The first thing I discovered was the SS. Ponce de Leon was no ordinary Liberty Ship. It had been fitted out to serve as troop transport with a capacity of 500 troops. I found such ships were licensed to the Army Transport Service and the SS. Ponce de Leon had indeed carried troops across the Atlantic and throughout the Mediterranean Sea. A fascinating account of an Army Air Force B-24 bomber crew that rode on this ship is to be found at by clicking here.
I was especially amused to read how the sailors of the SS Ponce de Leon responded when their aircrew passengers were told to transfer to a filthy French boat where the only food was a soup seasoned with fish heads. The Ship's crew gave their departing airmen C-Rations that night and a did complete GI job on the French Boat's kitchen by the next day.
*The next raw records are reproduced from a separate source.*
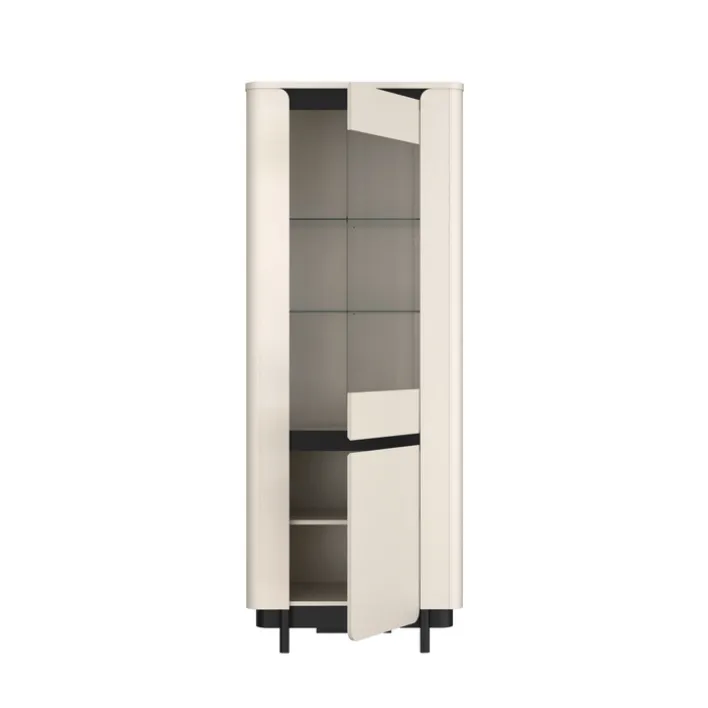 Fronten und Korpus sind aus Spanplatten in cremefarbener Holznachbildung gefertigt. Der Sockelbereich sowie die Füße sind in schwarz gehalten, ebenso der obere Abschluss der Vitrine wie auch eine optische Teilung zwischen Glas- und Drehtür. Dank der Soft-Close-Funktion schließen die Türen sanft und leise.
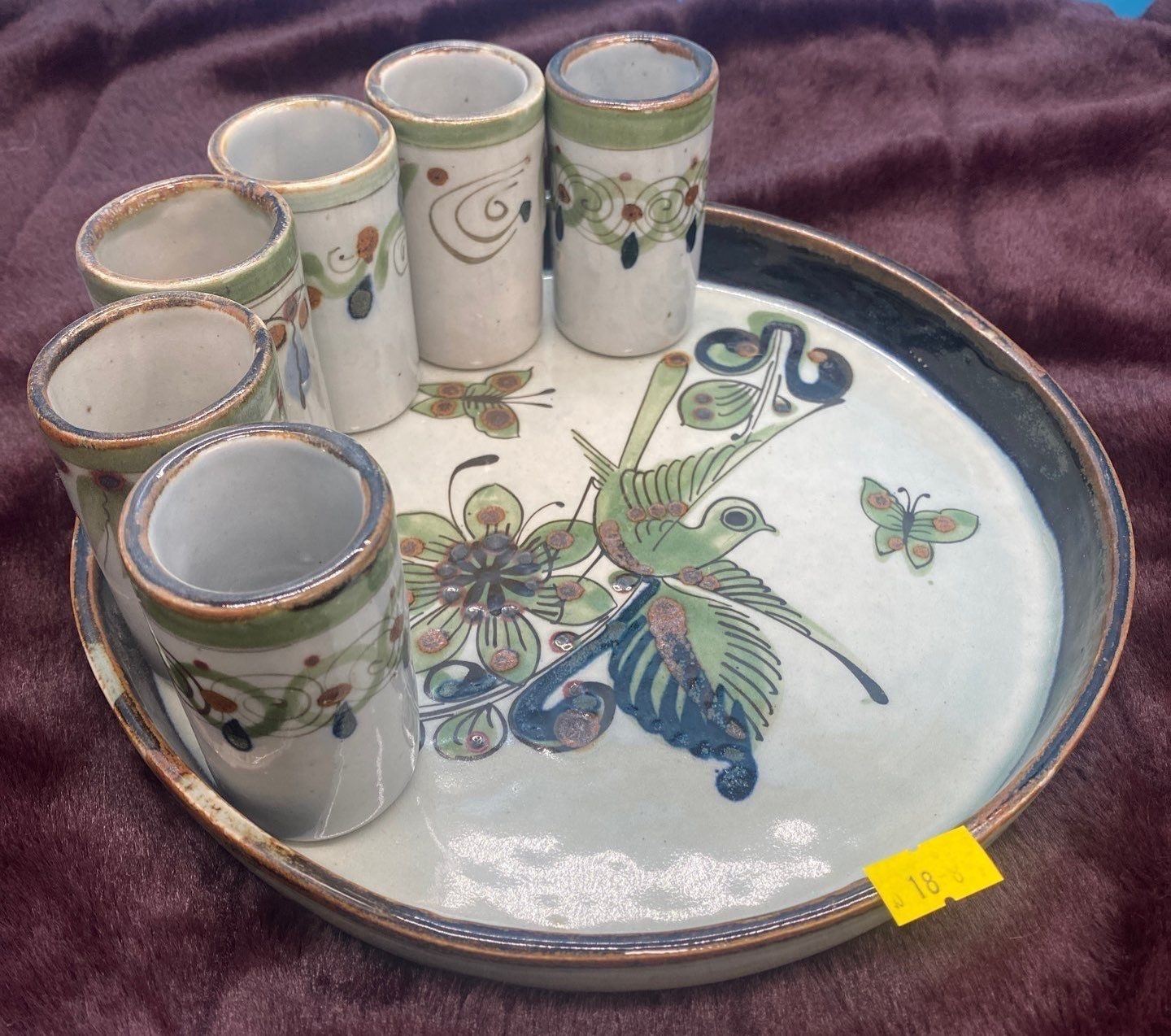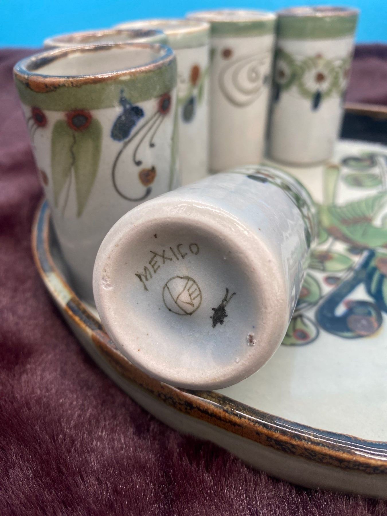 KE Ceramic Serving Tray w/ 6 Shot Glasses Made in Mexico 10x10
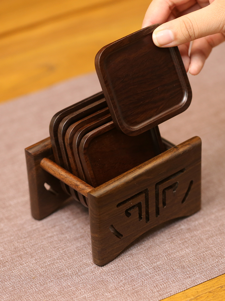 | nameOriginal | KF ebony solid wood tea mat coaster heat insulation mat cup holder office light luxury Rosewood tea cup mat tea ceremony kung fu accessories |
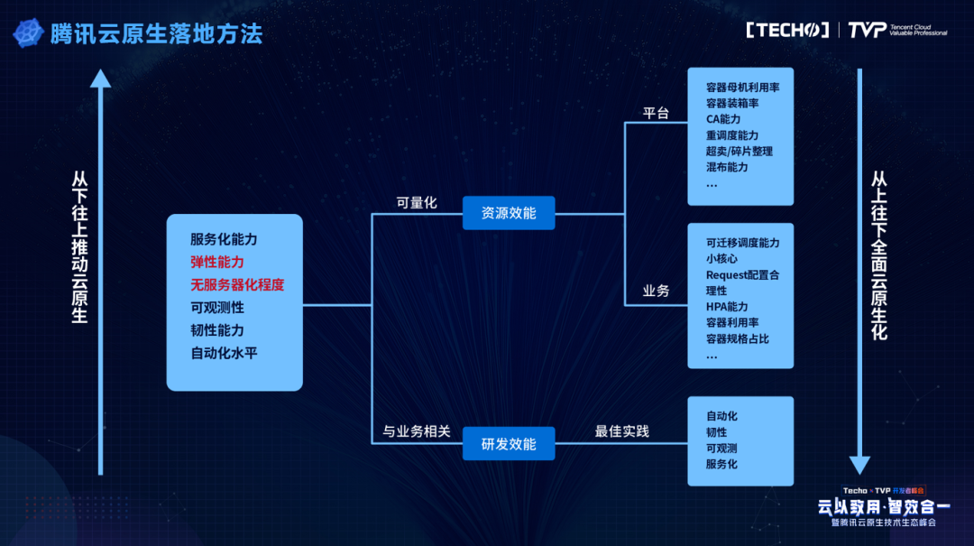 腾讯云原生的落地方法是“从下往上”和“从上往下”两条路并举的方式,前者通过底层技术基础设施的构建,提供云原生化底座,后者通过设立研发效能、资源效能两项指标的方式推动业务的降本增效。
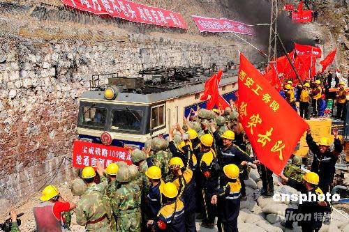 5月24日上午,首列满载运往四川灾区救灾物资的抢977次列车,从宝成线徽县至虞关站间109号隧道安全通过,这标志着因地震塌方在隧道内脱线起火、中断行车283小时的宝成铁路全线,比预计时间提前7天恢复通车。 宝成铁路是通往西南的铁路大动脉,是四川抗震救灾的生命线。5月12日14时28分,因四川汶川发生8级强烈地震引发山体崩塌,致使运行中的一列货物列车在西安铁路局管内宝成线徽县至虞关站间撞巨石脱线,12节装有汽油的罐车被埋在109号隧道中起火燃烧,造成通往四川地震灾区的大动脉宝成铁路中断行车。险情发生后,经过铁路职工、解放军指战员、武警官兵等2200多名抢险人员连续12个昼夜奋力抢修,终于将宝成铁路109号隧道顺利抢通。
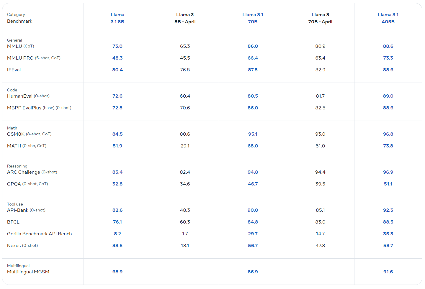 Meta has rigorously evaluated the Llama 3.1 models across more than 150 benchmark datasets, covering a wide range of languages and extensive human evaluations. The performance results show that Llama 3.1 outperforms the previous Llama 3 models in every major benchmarking category.
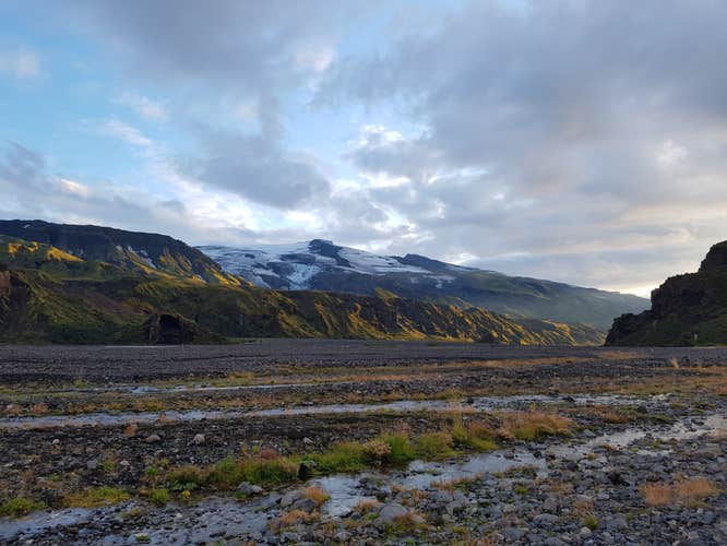 Der Startpunkt der Wanderung liegt an der Baldvinsskali-Hütte, von der sich dir ein atemberaubendes Panorama eröffnet: Der berüchtigte Gletscher Eyjafjallajökull, der Myrdalsjökull sowie der Vulkan Katla sind von hier aus sichtbar und sorgen für eine dramatische Kulisse. Wie an vielen Stellen dieser Route lohnt sich auch hier ein kurzer Halt für einmalige Naturaufnahmen.
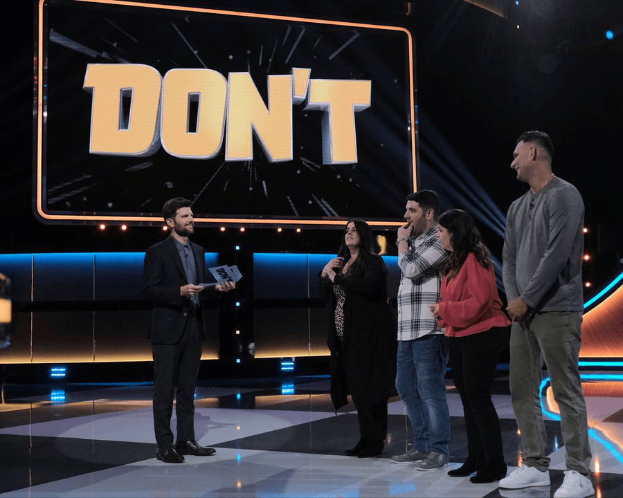 “Don’t Use Fowl Language:” That’s not a typo, it’s a bird joke. The team gathers around a giant bird’s nest with an egg-shaped button as images of celebrities appear on the screen. They take turns saying the celebrity’s name out loud, pushing the button if the celebrity’s name includes a species of bird. The other players can’t give them the name, but they can try to give them a hint.
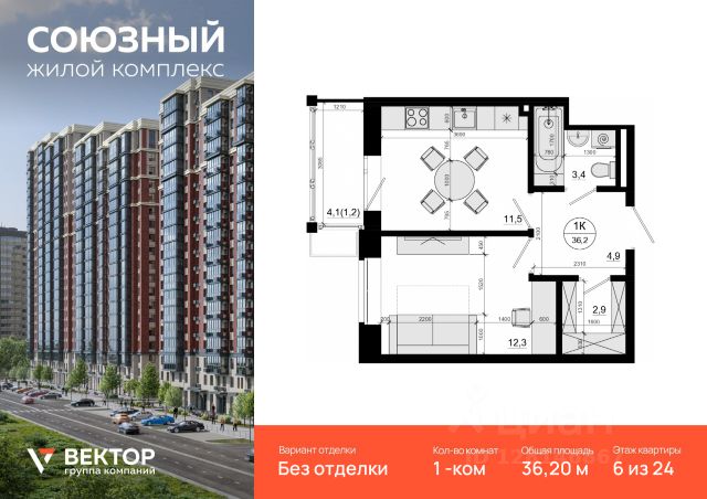 Продается 1-комн. квартира площадью 29,2 кв.м на 6 этаже 24 этажного дома в ЖК "Союзный" от федерального девелопера ГК "Вектор". ЖК Союзный Расположение, транспортная доступность Жилой комплекс "Союзный" - это квартал из 6 монолитных домов комфорт-класса высотой до 25 этажей, строящийся в 8-ом микрорайоне города Одинцово на улице Маковского. - 8 км от МКАД; - 15 минут пешком до станции "Одинцово" МЦД-1; - рядом находится автобусная остановка, от которой можно доехать до метро "Парк Победы", "Киевская", "Юго-Западная"; На личном автотранспорте доехать от комплекса по Минскому шоссе к новой развязке с МКАД можно примерно за 20 минут. В качестве альтернативы можно выбрать Можайское шоссе. Даже в час пик передвигаться по нему можно со скоростью 50 км/ч. Кроме того, можно выбрать платную трассу Северный обход Одинцово. Путь от квартала до Северо-Западной хорды на автомобиле займет 25-35 минут, а до ТТК и Садового кольца - 1 час. Инфраструктура В квартале запланировано строительство торгового центра, детского сада на 245 мест (сдача - 4 кв 2025 г.), многоуровневой открытой стоянки на 257 автомобилей, многоуровневого подземного паркинга, наземно-подземного паркинга с эксплуатируемой кровлей и других объектов. На внутренней территории квартала разместятся детский игровой комплекс с резиновым покрытием, спортплощадка, зоны отдыха для взрослых, деревья, кустарники и газоны. В шаговой доступности от ЖК "Союзный" располагаются школа, детский сад, профучилище, несколько ТЦ, кинотеатр "Юность", Ледовый дворец, сквер Союзный, Глазынинский пруд с качелями и площадкой для хоккея. В районе ЖК нет промышленных производств, а совсем близко начинаются лесные массивы, занимающие площадь свыше 70 000 га. Этот район считается одним из самых экологически чистых в Подмосковье. Надежность застройщика ГК "Вектор" - федеральный девелопер полного цикла. Группа компаний основана в 2014 году и сейчас занимает достойное место среди лидеров рынка недвижимости в топ-100 застройщиков. Портфель проектов составляет свыше миллиона квадратных метров жилья и инфраструктуры, включая жилые и коммерческие помещения, детские сады, а также рекреационные зоны в Подмосковье (4 жилых комплекса в Одинцовском районе) и Краснодарском крае. Вектор активно развивается на рынке девелопмента, сформировав команду профессионалов отрасли в составе более 300 человек. На данный момент более 80 тыс. кв.м. жилой площади в активной стадии строительства жилья. Застройщиком ЖК "Союзный" является компания "Стройтек", созданная в 2004 году и оказывающая строительно-монтажные услуги в Москве и Подмосковье. Приоритетные направления ее деятельности строительство, реконструкция и ремонт объектов недвижимости различного назначения. При этом, компания осуществляет весь цикл работ, обеспечивая не только качественное возведение жилых объектов, но и обустройство всей прилегающей к ним территории. Архитектура При проектировании фасадов зданий ЖК "Союзный" используются классические приемы реализации кирпичн
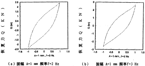 圖2-9(見26頁)表示激振頻率為1OHz,振動位移幅值為±2毫米的位移和恢復力時間歷程圖,圖2-10(見26頁)、圖2-11(見27頁)為對應的遲滯回線圖。圖2-l2(見27、28頁)表示激振頻率為IHz,振動位移幅值分別為±(1-8)毫米的位移一恢復力圖,圖2-14(見29頁)則為圖2-12的合圖,由圖2-14同頻率不同振幅的八條遲滯回線分析可知,大撓度剛絲繩彈性聯(lián)軸器的動剛度與振動幅值有關,同時,從遲滯回線面積(表示聯(lián)軸器阻尼所耗散的能量)可知聯(lián)軸器的阻尼與振動幅值也有關,即聯(lián)軸器的動剛度和阻尼均是振幅的非線性函數(shù)。
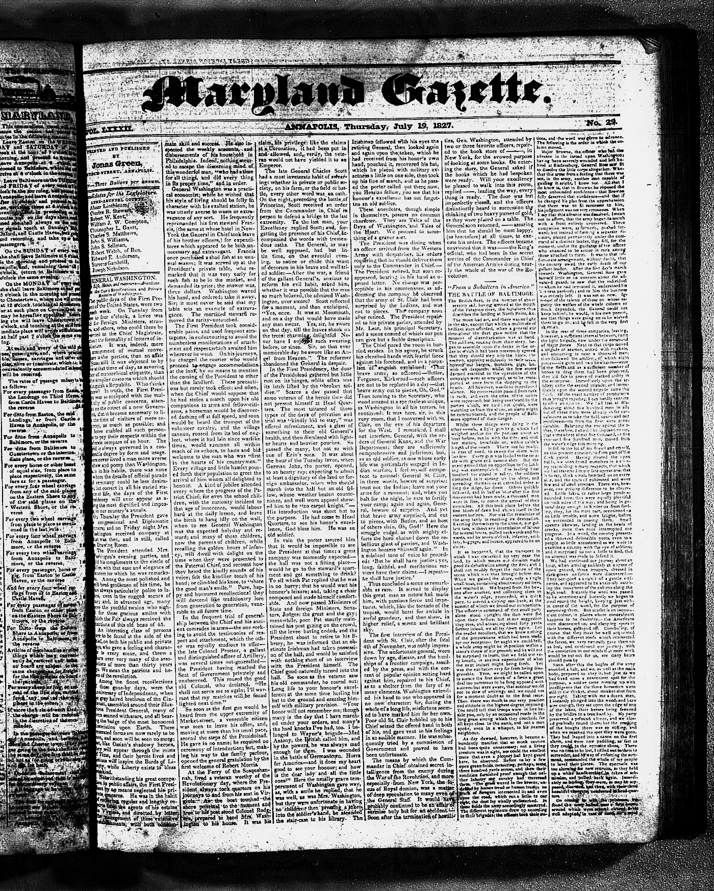Maryland Gazette and Political Intelligencer and Maryland Gazette and State Register Collections, MSA SC 3403 and SC 3428 January 2, 1823 - December 25, 1828 M 1289 A Publication of the Archives of Maryland Online Image No: 1026

By the end of the war more capable vessels had taken over troop ferrying duties and Liberty Ship transports were converted to cargo hauling.
The war weary SS Ponce de Leon survived World War II but was too battered to interest those few who converted old Liberty Ships for other purposes in the years following. Internet records reveal she was scrapped in Mobile, Alabama in 1962.
I think the Florida State Archivists were amazed I could obtain hull records, first person accounts and even photographs of one single Liberty Ship out of the hundreds constructed simply by poking about on the Internet. I know I was.